Ces hommes, ces femmes entrés ici au sortir de l'existence quotidienne, apportant avec eux leurs désirs, leurs souffrances, le secret de leurs passions et le trouble de leurs besoins inapaisés, que pouvaient-ils bien penser de ces théories étroites et rudes prêchées à leurs oreilles et mises en action sous leurs yeux? Écoutaient-ils sérieusement, ou ne se laissaient-ils pas plutôt distraire du fond par le prestige du style, l'ingéniosité de l'intrigue et le charme de l'interprétation? S'ils réfléchissaient, accepteraient-ils avec des applaudissements ces doctrines si contraires à celles qu'ils devaient pratiquer réellement? Mais la plupart ne cherchaient évidemment pas à discuter; ils étaient venus au théâtre pour se délasser: et, pourvu que la pièce fût bien faite et leur offrît un amusement suffisant, ils se déclaraient satisfaits.
Elle aperçut, à l'orchestre, Sénéchal. Aux bons passages, il hochait la tête avec satisfaction. Il ne se faisait cependant pas faute de détourner à tout moment sa lorgnette de la scène pour la braquer sur Julienne. Non loin de lui se trouvait Réderic. Par quel hasard? Ou plutôt n'étaient-ils pas tous deux prévenus de la présence de leur maîtresse au théâtre? Julienne avait envoyé de leur côté un léger signe d'intelligence. Auquel s'adressait-il?
A l'orchestre, plus personne de connaissance. Mais, en face d'elle, elle reconnut le vicomte et la vicomtesse de Béhutin qui occupaient une loge. Ils étaient, comme d'habitude, froids, corrects, silencieux: impossible de distinguer si le spectacle les intéressait.

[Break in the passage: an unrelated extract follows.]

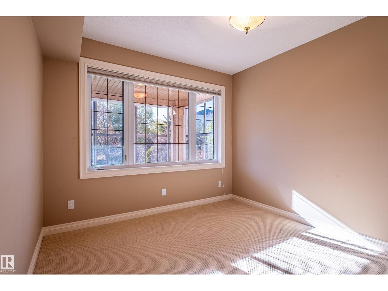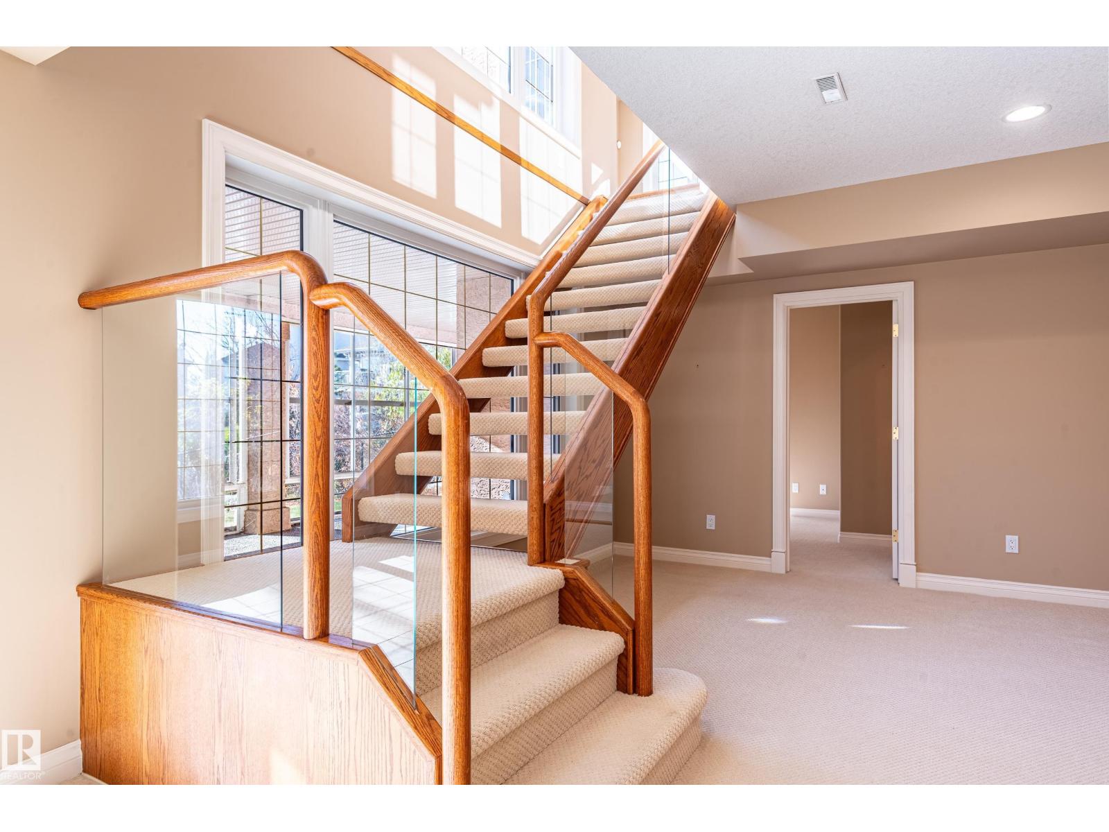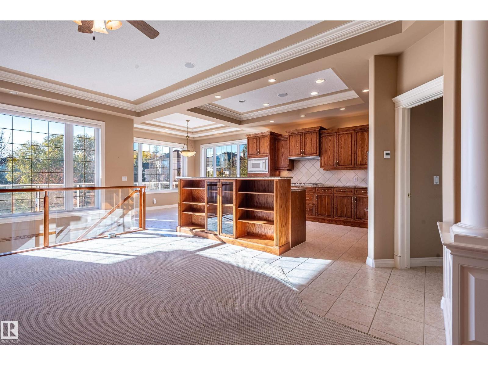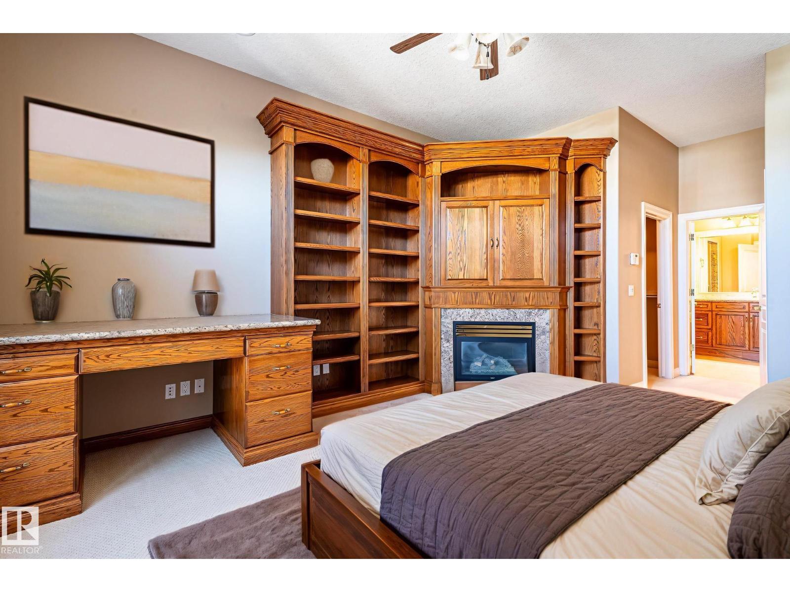 Walk-out bungalow backing onto a dry pond! Custom-built by Darren Homes with quality craftsmanship throughout. Main floor offers two primary suites, each with its own ensuite and walk-in closet. Granite kitchen counters, four fireplaces, and a garden door to a large raised deck with sunny southern exposure. Walk-out basement includes a spacious rec room, two additional bedrooms, and an enclosed atrium. Triple attached garage (approx. 844 sq. ft.) provides ample parking and storage. Located on a quiet crescent next to Haddow Park and the community centre with quick access to major routes. Some of the photos virtually staged with furniture. (id:42720)

Vers la fin de l'acte, un monsieur entra dans leur loge et prit place derrière eux.
Pauline se demanda en vain qui ce pouvait être. Ce n'était pourtant point, lui semblait-il, la première fois qu'elle le voyait. Où s'était-elle déjà sentie troublée sous cette prunelle douce et sombre?

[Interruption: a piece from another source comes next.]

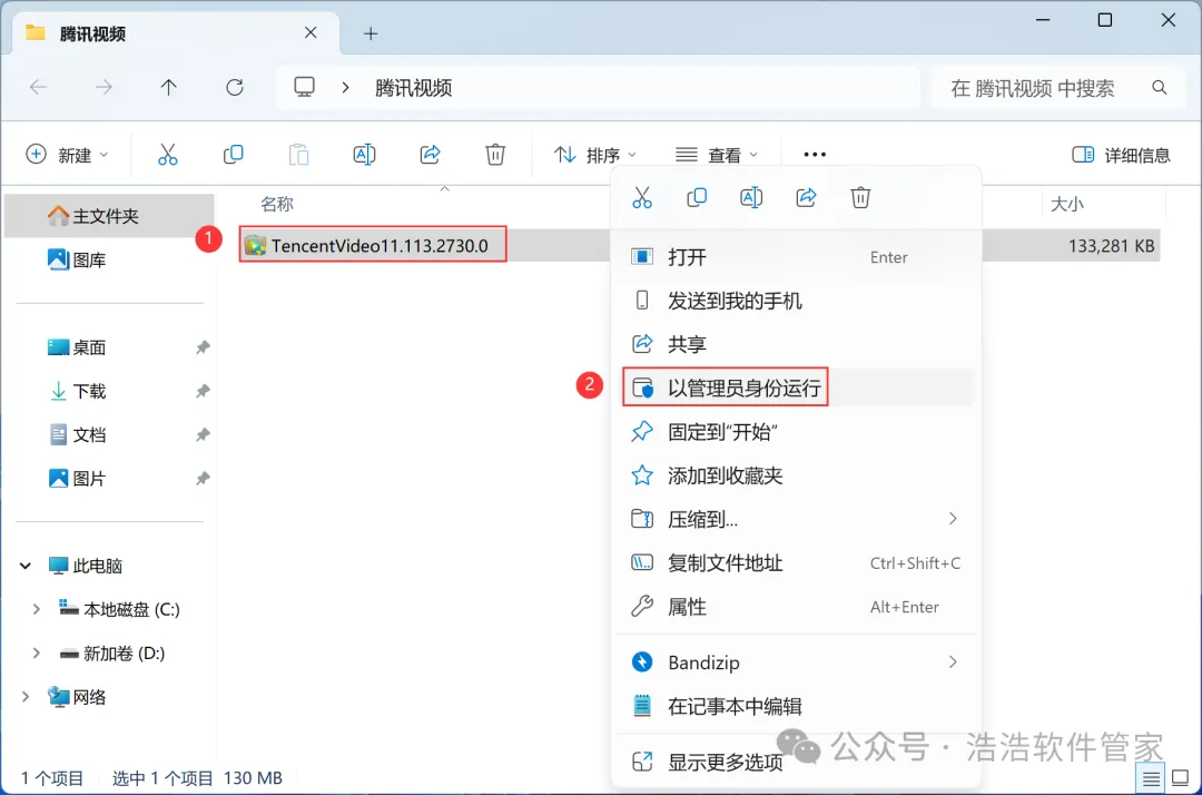 3、找到【腾讯视频】应用程序,右键选择【以管理员身份运行】它

Un instant, elle eut l'idée d'interroger Julienne. Celle-ci saurait mettre un nom sur ce visage. Mais une pudeur retint la question. Soudain, Pauline rougit: l'inconnu venait de la lorgner.

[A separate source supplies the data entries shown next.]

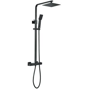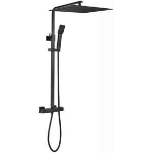 ENZO TWO OUTLET THERMOSTATIC SHOWER SET If you are after a more contemporary look and feel for your bathroom or ensuite, why not complement the look with this beautiful Enzo shower set with adjustable squared rigid riser rail and thermostatic valve? PRODUCT DETAILS Thermostatic bar shower kit, with dual rigid riser kit with square shower heads Adjustable height overhead shower Adjustable height and angle handset holder Latest ceramic disc technology Built-in anti-scald device with override function Style: Modern Finish: Matt Black Easy to clean rubber jets on shower heads Square thermostatic mixer valve with built-in diverter Built-in non-return valves 150mm between pipe inlet centres For more dimensions, please see technical drawing WORKING REQUIREMENTS Suitable for all plumbing systems. Minimum water pressure required - 0.5 bar, though we recommend min. of 1.0 bar for best performance. Please note: shower valve will not work efficiently on a gravity fed tank system, unless a
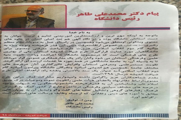سپس حجت الاسلام والمسلمین حمزه، متن پیام رئیس دانشگاه شهید باهنر کرمان را قرائت کرد:
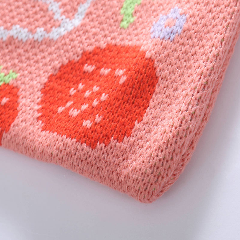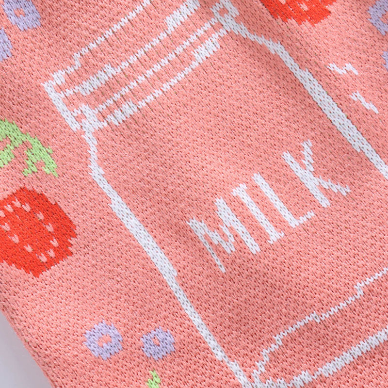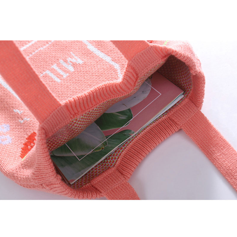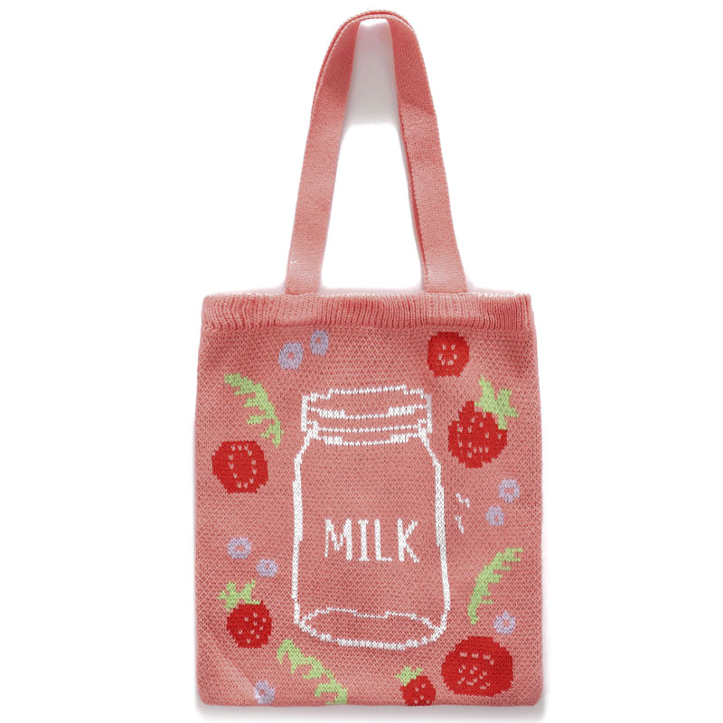This stylish knitted tote bag will turn heads! Its bright pink color and cute strawberry and milk illustration create a fun and unique design. The strong yet lightweight fabric makes this bag perfect for carrying your everyday items.

– «Célestin! Célestin!» disait sur la scène Rébecca qui avait reparu, «prends ton chapeau, vite, vite! dis au portier que tu accompagnes madame la comtesse et trouve le moyen de la suivre sans qu'elle te voie. Elle est à pied. Sache où elle va et ne dis rien à personne.»
Elle poussa Célestin dehors. Elle sonna. Un domestique parut.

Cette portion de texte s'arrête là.